Introduction

audiotoolbox is a Python package designed to generate and analyze acoustic stimuli for use in auditory research. It aims to provide an easy-to-use and intuitive interface.

Fluent Interface

The main API of audiotoolbox provides a fluent interface for generating and analyzing signals. In a fluent interface, methods are applied in-place and the object itself is returned, which allows methods to be chained together.

The following commands create a 100 ms long signal, add a 500 Hz tone, set its level to 60 dB SPL, and apply a 10 ms fade-in and fade-out.
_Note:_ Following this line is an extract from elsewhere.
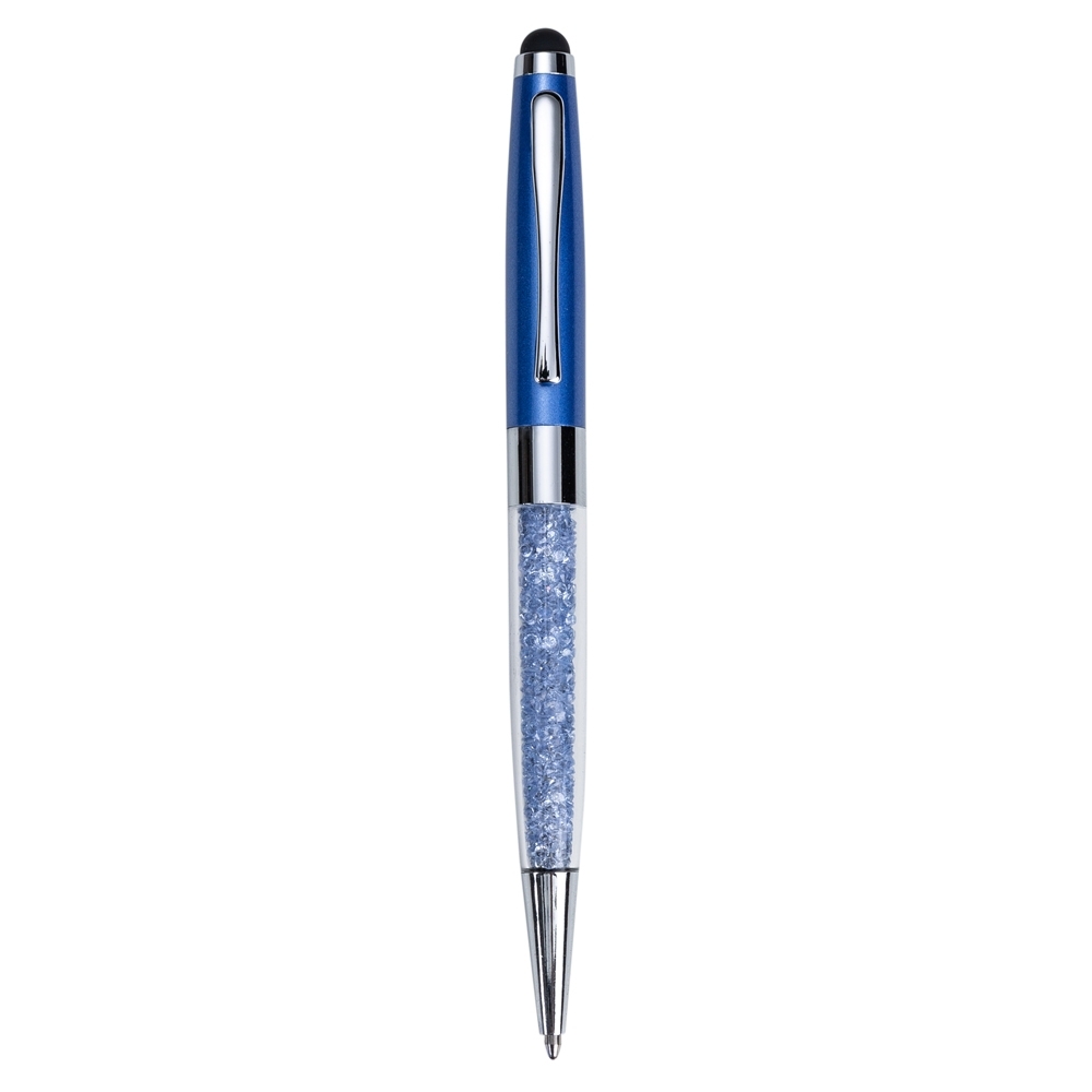 Descrição: Caneta metálica com touch screen e detalhes em cristal, carga esferográfica azul e acionamento por rotação. OBS.: PEDIDO APENAS MÚLTIPLO DE 50 PEÇAS!

import audiotoolbox as audio
import matplotlib.pyplot as plt

sig = audio.Signal(n_channels=1, duration=100e-3, fs=48000)
sig.add_tone(500).set_dbspl(60).add_fade_window(10e-3, 'cos')

plt.plot(sig.time, sig)
plt.title('100ms 500Hz Tone with Raised Cosine Fades')
plt.xlabel('Time / s')
plt.ylabel('Amplitude')
plt.grid(True)
plt.show()

(Source code, png, hires.png, pdf)

The Signal class

The audiotoolbox.Signal class is used to work with signals in the time domain. It inherits from the numpy.ndarray class and thus also inherits all of its methods. This makes it directly compatible with most packages in the scientific Python stack, such as scipy and matplotlib.

To create an empty signal, call the class with the number of channels, the duration of the stimulus, and the sampling rate.
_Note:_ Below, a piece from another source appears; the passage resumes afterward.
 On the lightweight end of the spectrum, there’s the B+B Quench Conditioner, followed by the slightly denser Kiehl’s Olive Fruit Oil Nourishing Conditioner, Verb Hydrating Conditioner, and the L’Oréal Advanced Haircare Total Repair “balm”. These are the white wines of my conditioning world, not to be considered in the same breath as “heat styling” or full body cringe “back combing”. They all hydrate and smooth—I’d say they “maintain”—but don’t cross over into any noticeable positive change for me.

>>> sig = audio.Signal(n_channels=2, duration=1, fs=48000)
>>> sig.shape
(48000, 2)

Basic properties of the signal, such as the number of channels, samples, or the duration, are available as properties:

>>> sig.n_channels, sig.duration, sig.n_samples, sig.fs
(2, 1.0, 48000, 48000)

Signals can have multiple dimensions:

>>> sig = audio.Signal(n_channels=(2, 3), duration=1, fs=48000)
>>> sig.shape
(48000, 2, 3)

To directly index individual channels, the object provides the ch property, which also supports channel slicing:

>>> sig = audio.Signal(n_channels=(2, 3), duration=1, fs=48000)
>>> channel_slice = sig.ch[0, :]
>>> channel_slice.shape
(48000, 3)

By default, methods are always applied to all channels. The following example adds the same noise signal to both channels:

>>> sig = audio.Signal(n_channels=2, duration=1, fs=48000)
>>> sig.add_noise()
>>> np.all(sig.ch[0] == sig.ch[1])
True

Use the ch indexer to apply methods to individual channels. This example adds different noise signals to each channel:

>>> sig = audio.Signal(n_channels=2, duration=1, fs=48000)
>>> sig.ch[0].add_noise()
>>> sig.ch[1].add_noise()
>>> np.all(sig.ch[0] == sig.ch[1])
False

The FrequencyDomainSignal class

audiotoolbox provides a simple mechanism for switching between time-domain and frequency-domain representations of a signal.

>>> sig = audio.Signal(n_channels=2, duration=1, fs=48000).add_noise()
>>> type(sig)
<class 'audiotoolbox.signal.Signal'>
>>>
>>> fdomain_sig = sig.to_freqdomain()
>>> type(fdomain_sig)
<class 'audiotoolbox.freqdomain_signal.FrequencyDomainSignal'>

Calling the to_freqdomain() method returns a FrequencyDomainSignal object containing the FFT of the signal. It is important to note that the frequency components are normalized by dividing them by the number of samples.

Like the Signal class, FrequencyDomainSignal inherits from numpy.ndarray, and an empty object can be created using a similar syntax:

>>> sig_freq = audio.FrequencyDomainSignal(n_channels=2, duration=1, fs=48000)
>>> sig_freq.shape
(48000, 2)